# ????? mushrooms



## kenv (Jun 14, 2021)

Their coming up in my soil ?   (in buckets)


----------



## ROSTERMAN (Jun 14, 2021)

Are you running organics , and how much are you watering
Organic growth in soil is a good thing most times.


----------



## ROSTERMAN (Jun 14, 2021)

Mushrooms Growing Around My Cannabis Plants: Good or Bad?
					

If you find mushrooms growing around your cannabis plants, you might wonder whether this is a good or bad sign. Here's all you need to know.




					wayofleaf.com


----------



## kenv (Jun 14, 2021)

Thanks , yes I panicked .  Yes i'm using organics , so it says on the bag ... Thanks again


----------



## ROSTERMAN (Jun 14, 2021)

WELCOME KENV


----------



## leafminer (Jun 14, 2021)

Two crops in one, don't complain!


----------



## WeedHopper (Jun 14, 2021)

Yeah no shit. Wish the were Shrooms A?


----------



## bigsur51 (Jun 14, 2021)

just send me some of them mushrooms and I’ll test them for you


----------



## kenv (Jun 14, 2021)

bigsur51 said:


> just send me some of them mushrooms and I’ll test them for you


I'll be glad to. Just send me your SS number ,birth date , name and address , oh , and credit card number .


----------



## WeedHopper (Jun 14, 2021)

Here is mine. BR 549 Weedhopper Texas


----------



## bigsur51 (Jun 14, 2021)

kenv said:


> I'll be glad to. Just send me your SS number ,birth date , name and address , oh , and credit card number .

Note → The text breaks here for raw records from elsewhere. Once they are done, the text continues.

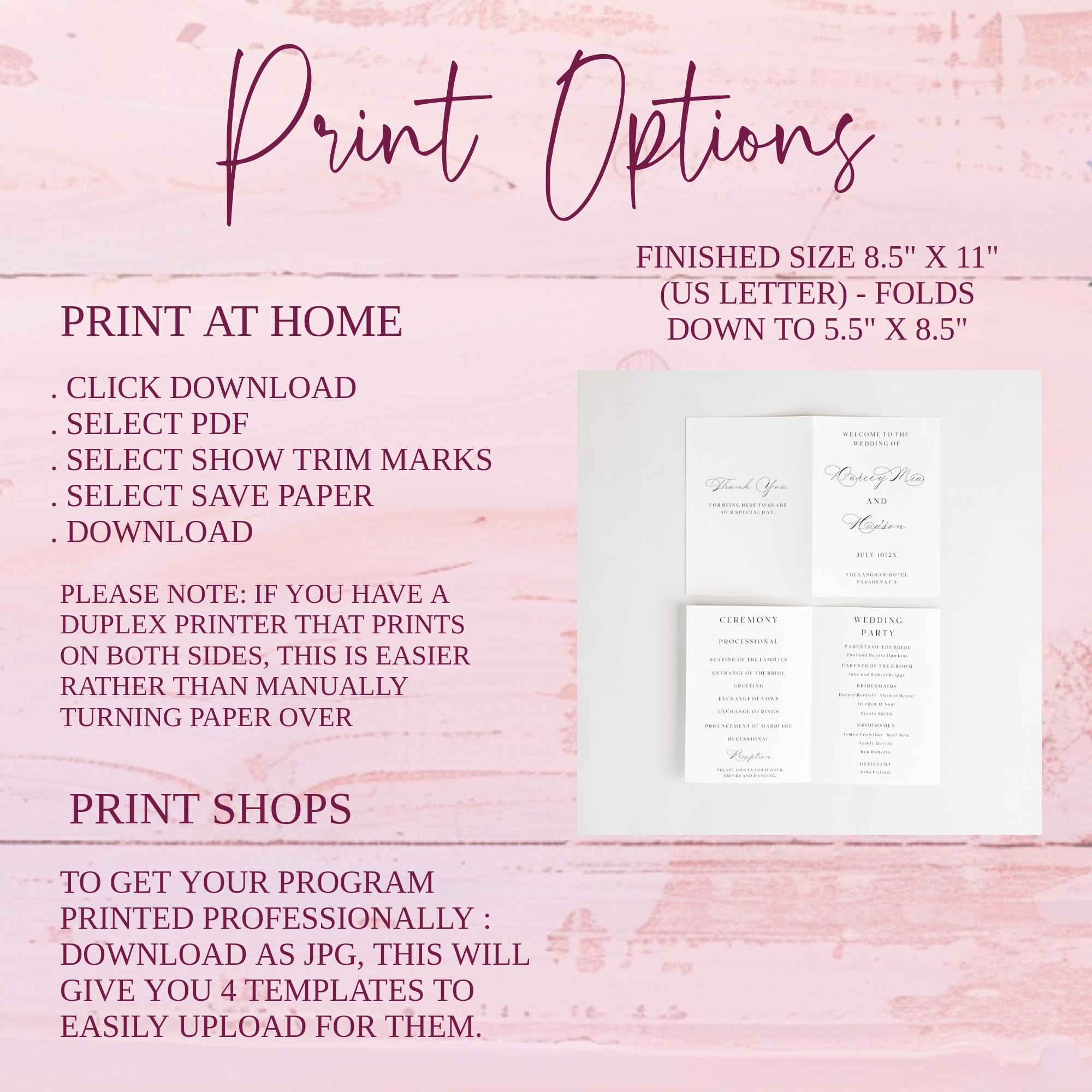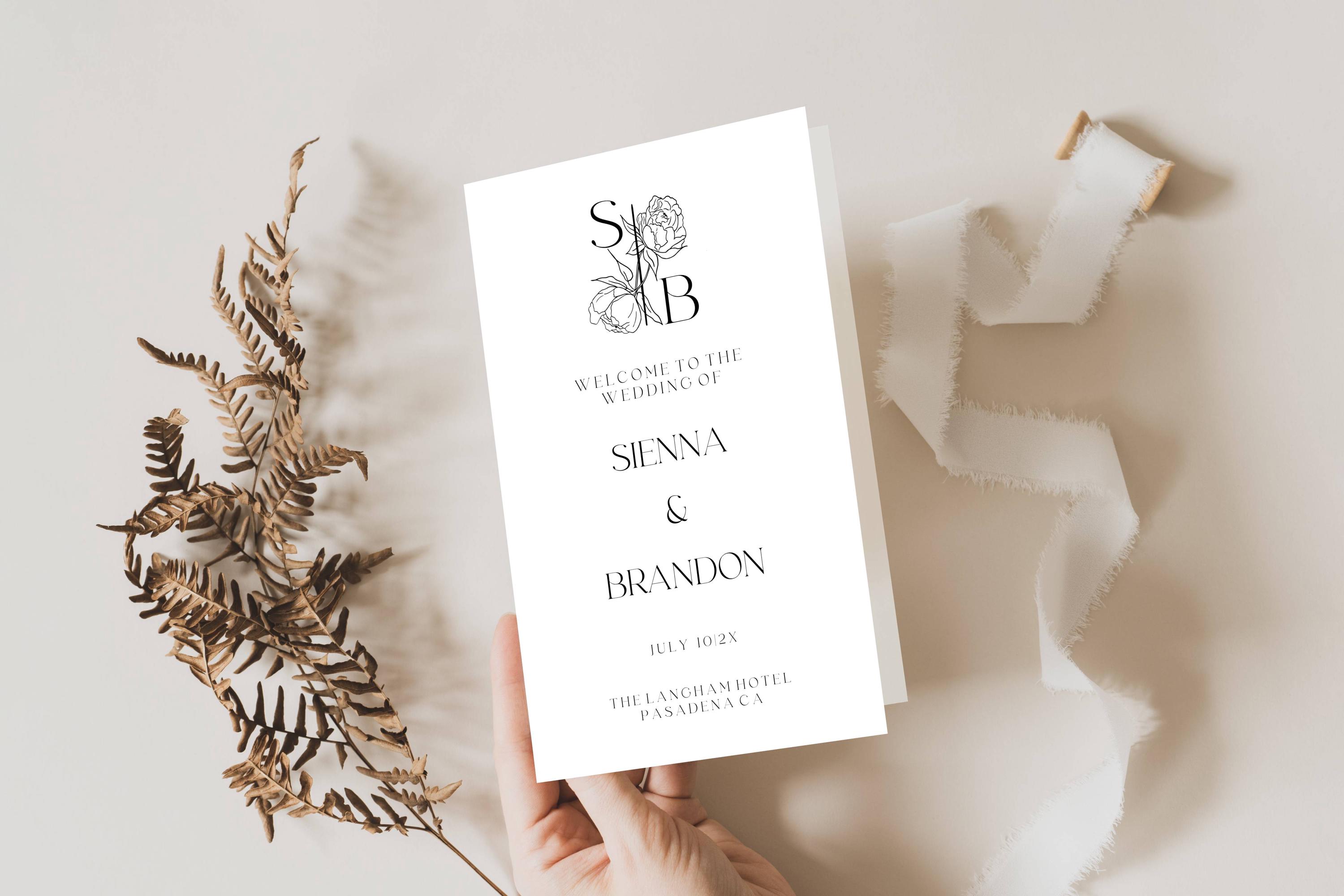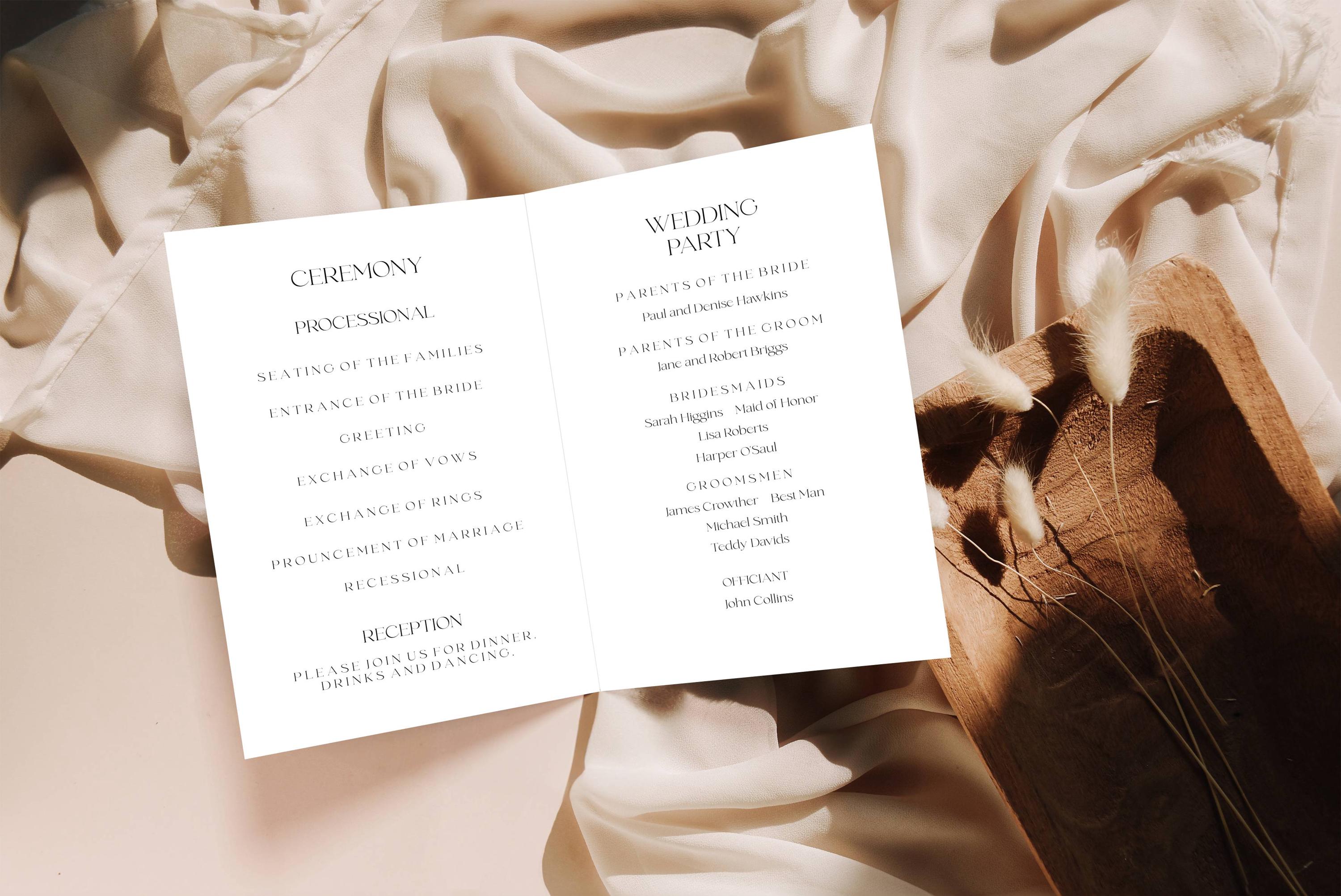 Modern Wedding Program Template. An Instant download digital file for you to edit in your web browser with Templett straight after your purchase. Once personalized you are ready to print.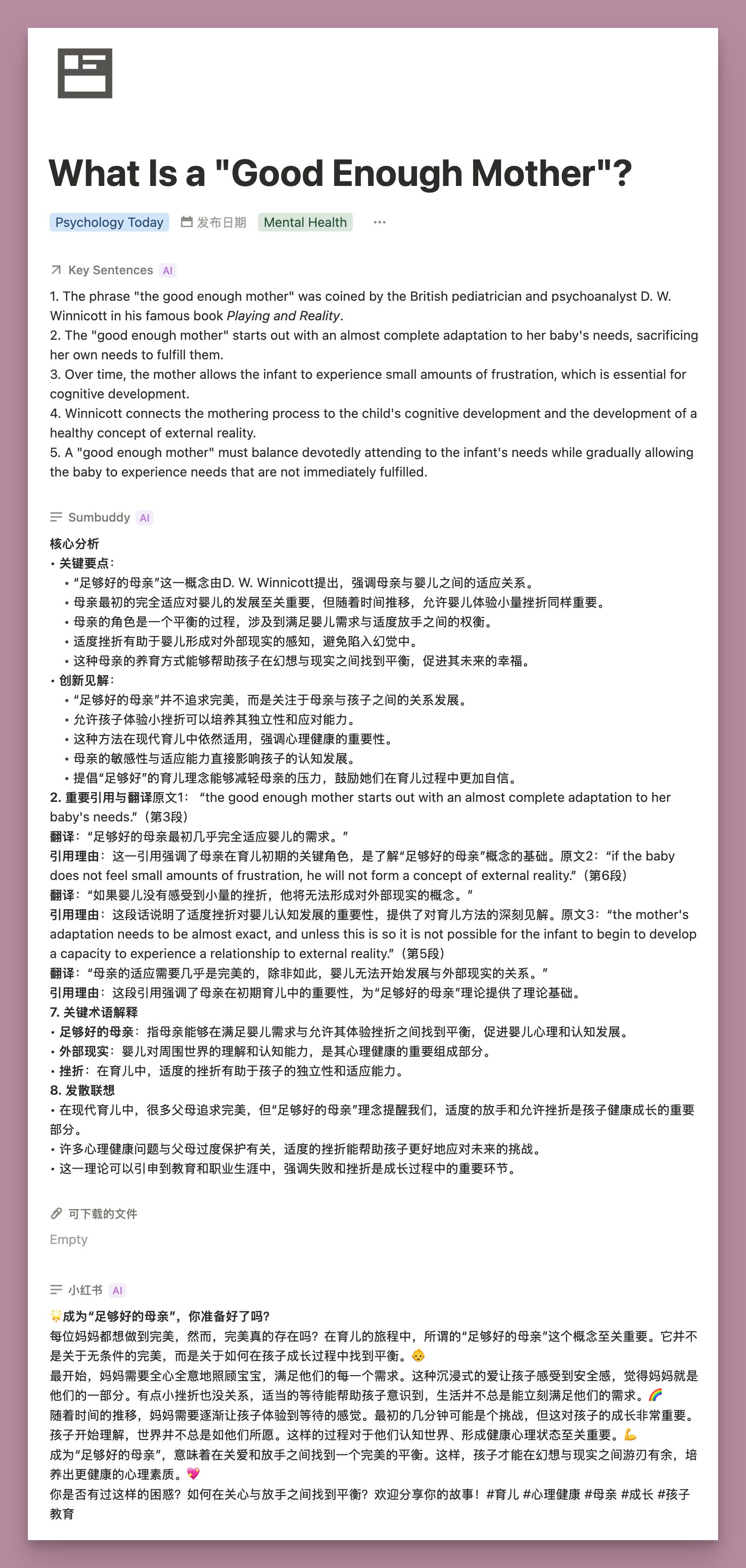 这里简单介绍一下这个模板。后续我会在专栏和会员文章中详细解析模板的思路和 Prompt。这是一个剪藏文章的数据库。使用时,我首先需要提取文章中的关键句子,了解核心思想;然后通过 SumBuddy 分析全文、理解术语。因为我有一个心理学专栏的小红书账号——「重新思考 RE」(虽然基本没怎么运营),所以当时的想法是:收藏文章后,直接生成一篇小红书风格的帖子,可以直接复制粘贴发布,提高账号的运营效率。
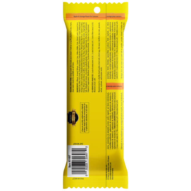 Wheat, Ground Wheat, Yellow Millet, Oats, Dried Carob, Cracked Corn, Corn Starch, Flaked Oats, Milo, Oat Groats, Dehydrated Apple, Corn, Dehydrated Oranges, Ground Corn, Dehydrated Mountain Ash Berries, Rice Flour, Calcium Propionate (a Preservative), Honey, Wheat Germ Meal, Lecithin, Ascorbic Acid, Dehydrated Carrots, Ground Oats, Vegetable Oil, Salt, Dehydrated Lemon, Tumeric Color, Color Added (Yellow 5, Yellow 6), Vegetable Fat, Vitamin A Supplement, Vitamin D3 Supplement, Vitamin E Supplement, Riboflavin Supplement, Pyridoxine Hydrochloride, Vitamin B12 Supplement.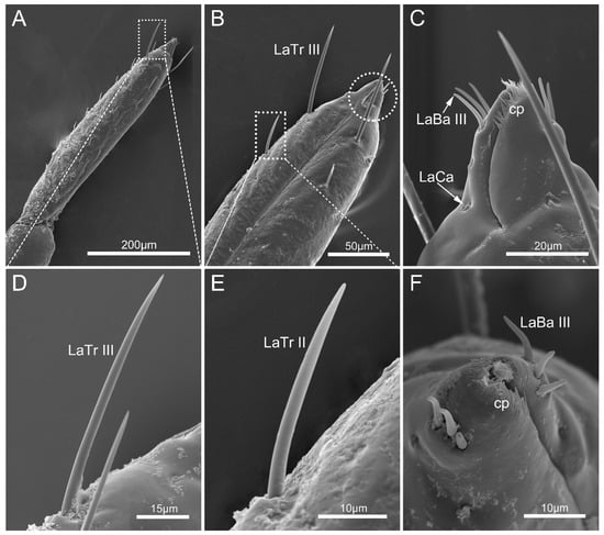 The labial tip is cleft and distinctly divided into two asymmetrical lateral lobes, and the left lobe is slightly wrapped around the right on the ventral surface (Figure 6C,F). Three pairs of labial sensilla basiconica III (LaBa III) encircle the labial tip, which is slightly curved (Figure 6C,F). Several labial sensilla campaniformia (LaCa) are located on the surface near the LaBa III, each of which is leaf-shaped (Figure 6C). Small comb-shaped cuticular processes (cp) densely encircle the opening (Figure 6C,F).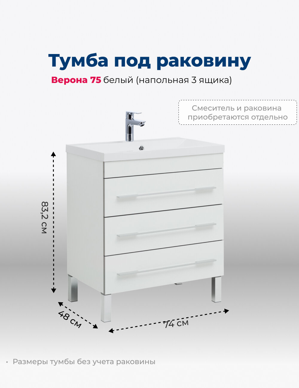 Тумба под раковину Aquanet Верона 75 белый (напольная 3 ящика) интересное: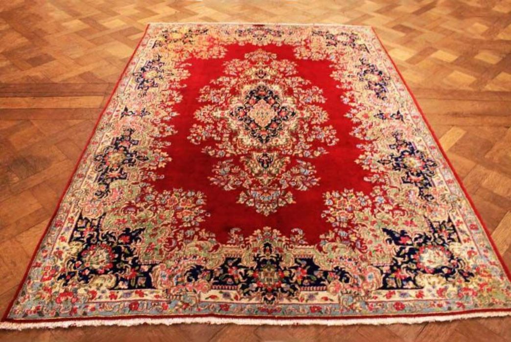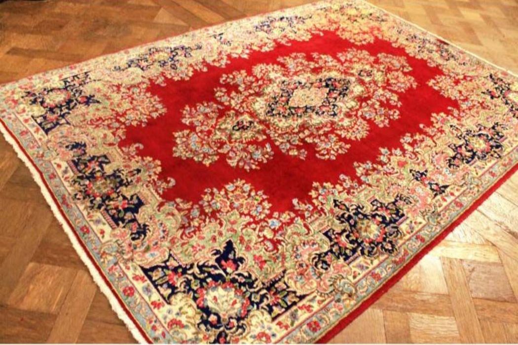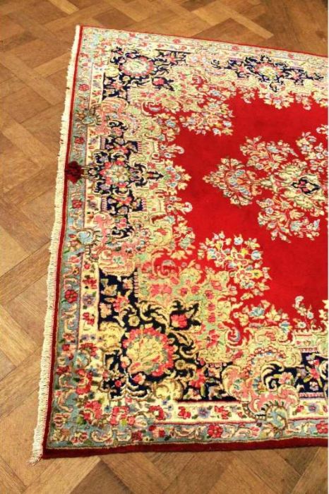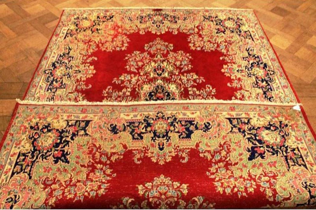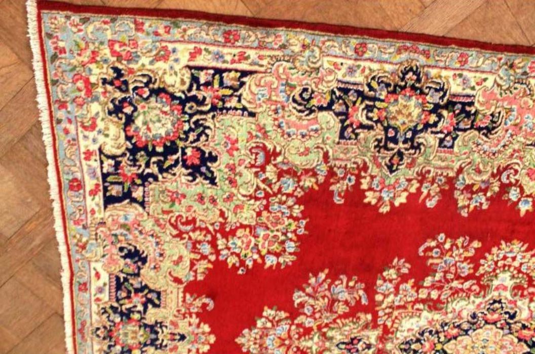 Raro e perfettamente conservato esemplare di antico KIRMAN (KIERMAN) IMPERIALE con decori a motivi floreali su classica campitura rosso cardinale. Eccezionale effetto naturalistico dei decori che danno spessore alla trama e all’orditura dei disegni. Il vello è in pura lana con trama e ordito in cotone, annodato completamente a mano. Ben conservate la bordatura e la frangia. Colori vegetali. Il tappeto, che è firmato , ha circa 60 anni.
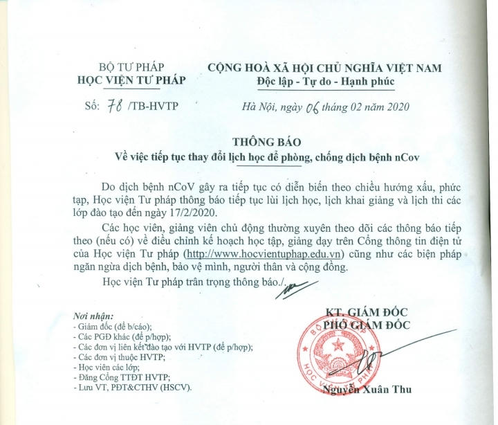 Trước đó, ngày 3/2/2020, Học viện Tư pháp đã phát đi thông báo cho học viên các lớp đào tạo của Học viện nghỉ học đến hết 09/02/2020.

you must be from Nigeria no?


----------



## kenv (Jun 14, 2021)

bigsur51 said:


> you must be from Nigeria no?


Pretty close , New Yorkistan


----------



## bigsur51 (Jun 14, 2021)

kenv said:


> Pretty close , New Yorkistan



i love their New Yorkistan Sour Diesel!

Go to any good pizza stores up there? New Yorkistan pizza is da bomb


----------



## kenv (Jun 14, 2021)

bigsur51 said:


> i love their New Yorkistan Sour Diesel!
> 
> Go to any good pizza stores up there? New Yorkistan pizza is da bomb


I've been making pizza for 50 yrs. but I've never been to NYC and hope I never have to.   I'm 180mi. north of the city in the Catskill mountains . 
Lombardy's has the best from what i've heard in NYC.... but don't ever eat it.... NYC has bought a high percentage of the mountains for their water supply and we have to make up the difference in the taxes , we are in the middle of their reservoir  area . So the locals pee in the res. every chance they get..


----------



## ROSTERMAN (Jun 14, 2021)

kenv said:


> I've been making pizza for 50 yrs. but I've never been to NYC and hope I never have to.   I'm 180mi. north of the city in the Catskill mountains .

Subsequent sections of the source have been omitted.